Brian expressed, with more eloquence than I would have done, the manner in which I've always heard and interpreted this phrase being used.


In an attempt to keep the video short, I did in fact fail to really drive home the connection between the two. I assure you it wasn't deliberate.

There were a lot of fakers, posers, and suck ups at the school. It was full of people trying to emulate, often in ridiculous ways, the leadership of the school. They dressed like them, talked like them, acted like them, etc. It was ridiculous. In fact, the course where this incident took place was "The Psychology of Self-Development." As you can tell this was a raw and candid video done in one shot (as I was on my way to the gym that day) and I was just freely blabbing.

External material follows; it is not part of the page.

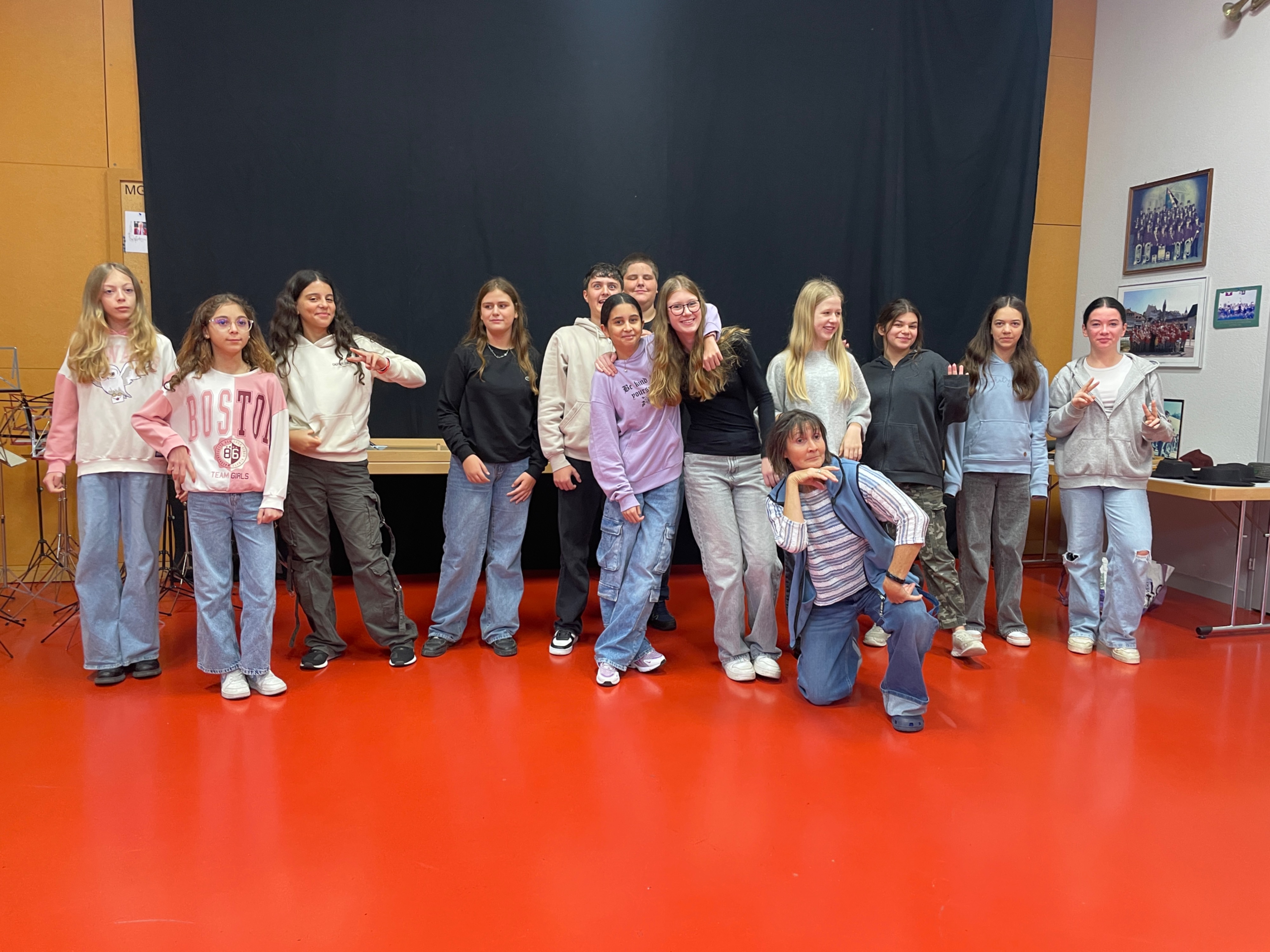 Im Bereich der darstellenden Künste wurde das Atelier Theater unterwegs angeboten. Ziel war es, dass die Schüler/-innen in verschiedene Rollen schlüpfen und kleine, selbstgestaltete Theaterszenen präsentieren, ohne sich dabei unwohl zu fühlen. Die Woche fand ihren Höhepunkt in einer zehnminütigen, von Gruppen inszenierten Abschlussaufführung.

I should have mentioned that I "once attended a private college where the idea of "fake it till you make it" was often taken to ridiculous extremes," or something like that. The experience I had that night in that lecture hall was just an example of that.

I know that the supposed "real" meaning behind it has more to do with overcoming self-doubt, a feeling of inadequacy for a task, etc. It is something people use to help them branch out into new territory, new careers, etc, in their lives. In that sense, it is difficult to find fault with to some degree.

However, my problem with it is in the language. People love cute phrases like this (especially motivational speakers), kind of like those "content snacks" that are so rampant on social media. However, like those "snacks," the real truth is often missing or greatly exaggerated for the sake of simplicity and short attention spans. Then it is only a matter of time before people are taking it to it's own ridiculous conclusions.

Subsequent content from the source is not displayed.